TASK
Word for word, write out all the entries below, omitting every picture.

DATASET EXTRACT
==================================================
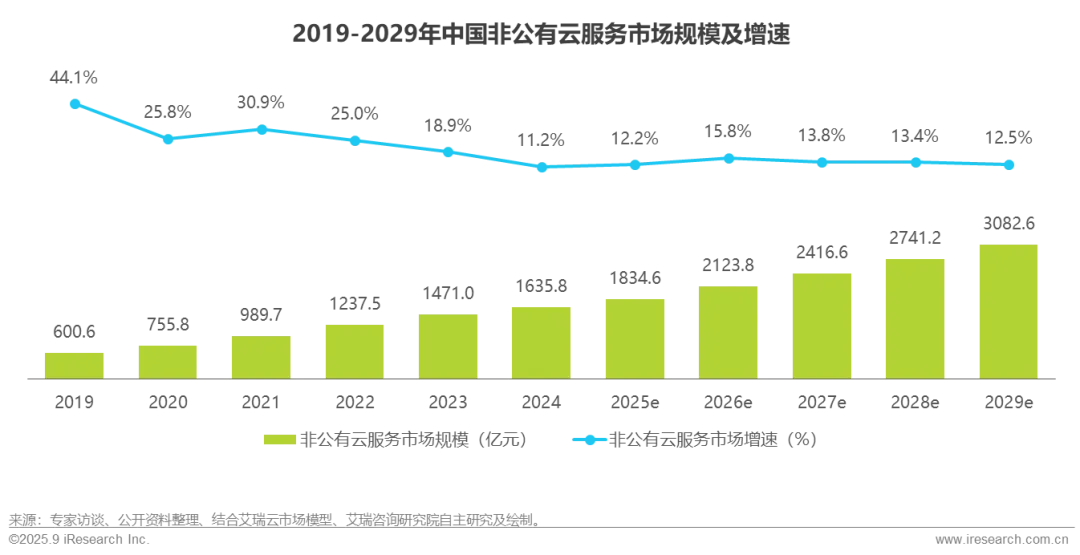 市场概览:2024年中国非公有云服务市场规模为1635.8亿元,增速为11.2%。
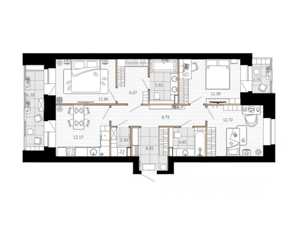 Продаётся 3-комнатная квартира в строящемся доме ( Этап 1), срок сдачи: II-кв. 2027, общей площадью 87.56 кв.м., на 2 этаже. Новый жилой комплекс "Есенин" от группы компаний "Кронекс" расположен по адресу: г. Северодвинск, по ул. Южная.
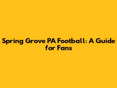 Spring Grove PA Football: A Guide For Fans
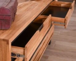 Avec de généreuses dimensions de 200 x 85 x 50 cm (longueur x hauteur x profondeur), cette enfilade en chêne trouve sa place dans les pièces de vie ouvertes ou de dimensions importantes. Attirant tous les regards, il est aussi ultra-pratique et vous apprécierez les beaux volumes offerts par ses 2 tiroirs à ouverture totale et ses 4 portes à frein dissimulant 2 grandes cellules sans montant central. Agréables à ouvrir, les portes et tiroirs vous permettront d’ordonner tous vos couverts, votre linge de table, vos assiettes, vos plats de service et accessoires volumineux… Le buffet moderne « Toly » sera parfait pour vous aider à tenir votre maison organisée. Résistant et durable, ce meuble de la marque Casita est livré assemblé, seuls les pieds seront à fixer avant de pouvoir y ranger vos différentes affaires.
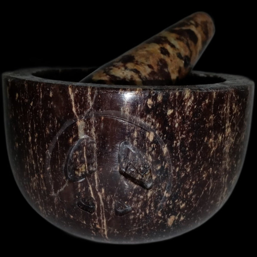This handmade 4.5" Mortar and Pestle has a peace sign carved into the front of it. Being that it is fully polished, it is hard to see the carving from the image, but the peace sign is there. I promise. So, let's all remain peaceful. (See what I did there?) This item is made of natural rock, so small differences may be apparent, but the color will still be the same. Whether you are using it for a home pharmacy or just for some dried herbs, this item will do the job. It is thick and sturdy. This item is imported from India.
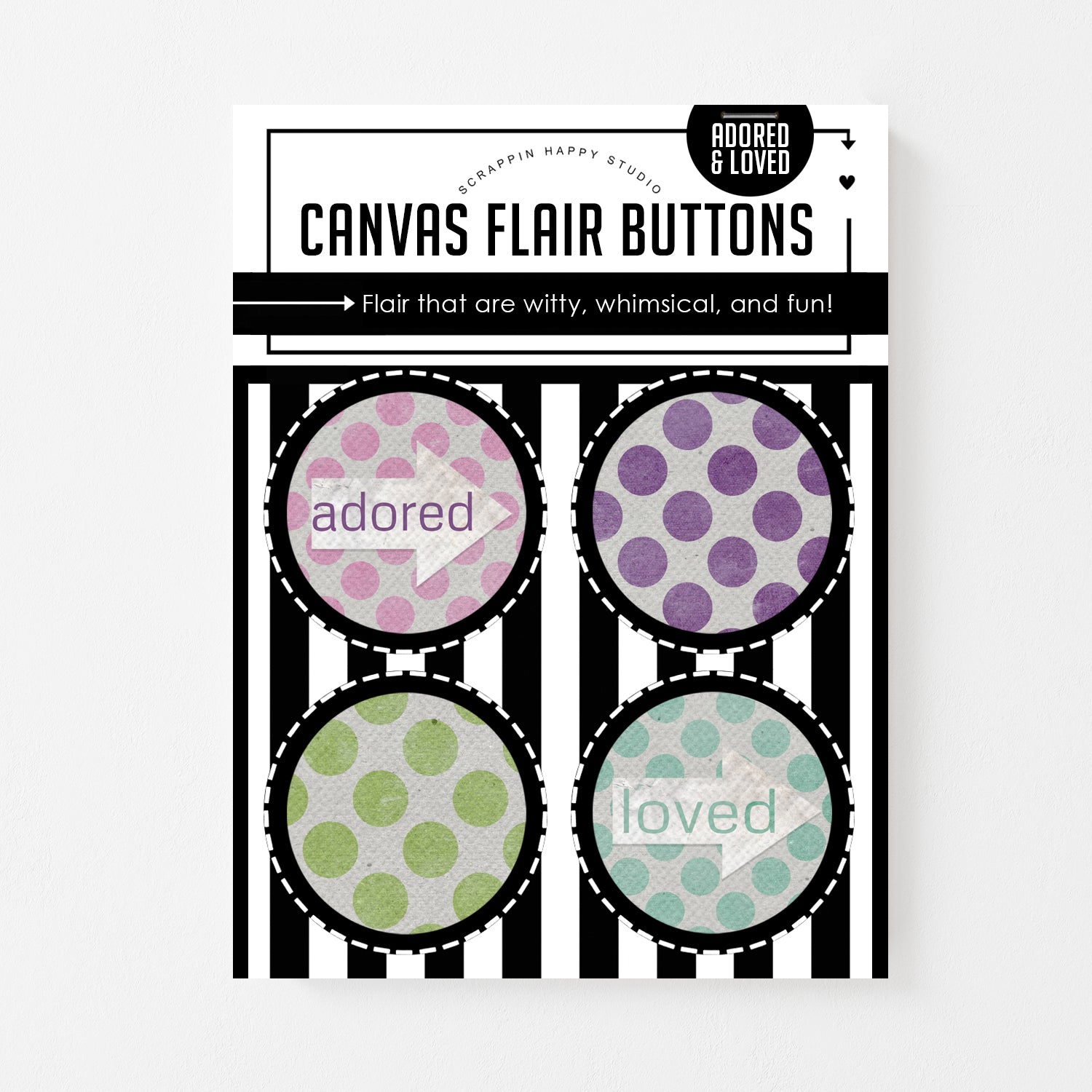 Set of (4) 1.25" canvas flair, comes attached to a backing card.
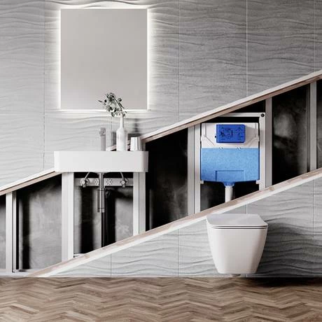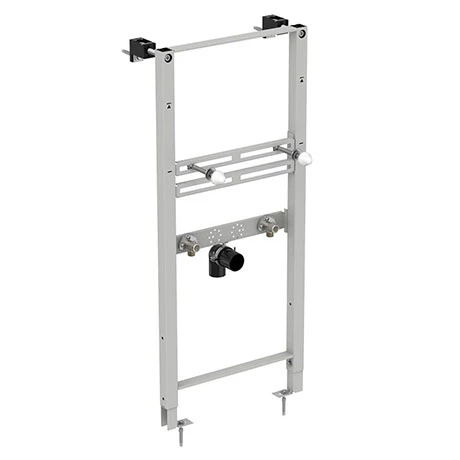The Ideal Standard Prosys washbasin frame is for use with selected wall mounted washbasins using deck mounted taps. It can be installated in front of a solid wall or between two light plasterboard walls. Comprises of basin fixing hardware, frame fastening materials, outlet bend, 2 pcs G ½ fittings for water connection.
==================================================
ANSWER BOX
 市场概览:2024年中国非公有云服务市场规模为1635.8亿元,增速为11.2%。
 Продаётся 3-комнатная квартира в строящемся доме ( Этап 1), срок сдачи: II-кв. 2027, общей площадью 87.56 кв.м., на 2 этаже. Новый жилой комплекс "Есенин" от группы компаний "Кронекс" расположен по адресу: г. Северодвинск, по ул. Южная.
 Spring Grove PA Football: A Guide For Fans
 Avec de généreuses dimensions de 200 x 85 x 50 cm (longueur x hauteur x profondeur), cette enfilade en chêne trouve sa place dans les pièces de vie ouvertes ou de dimensions importantes. Attirant tous les regards, il est aussi ultra-pratique et vous apprécierez les beaux volumes offerts par ses 2 tiroirs à ouverture totale et ses 4 portes à frein dissimulant 2 grandes cellules sans montant central. Agréables à ouvrir, les portes et tiroirs vous permettront d’ordonner tous vos couverts, votre linge de table, vos assiettes, vos plats de service et accessoires volumineux… Le buffet moderne « Toly » sera parfait pour vous aider à tenir votre maison organisée. Résistant et durable, ce meuble de la marque Casita est livré assemblé, seuls les pieds seront à fixer avant de pouvoir y ranger vos différentes affaires.
This handmade 4.5" Mortar and Pestle has a peace sign carved into the front of it. Being that it is fully polished, it is hard to see the carving from the image, but the peace sign is there. I promise. So, let's all remain peaceful. (See what I did there?) This item is made of natural rock, so small differences may be apparent, but the color will still be the same. Whether you are using it for a home pharmacy or just for some dried herbs, this item will do the job. It is thick and sturdy. This item is imported from India.
 Set of (4) 1.25" canvas flair, comes attached to a backing card.
The Ideal Standard Prosys washbasin frame is for use with selected wall mounted washbasins using deck mounted taps. It can be installated in front of a solid wall or between two light plasterboard walls. Comprises of basin fixing hardware, frame fastening materials, outlet bend, 2 pcs G ½ fittings for water connection.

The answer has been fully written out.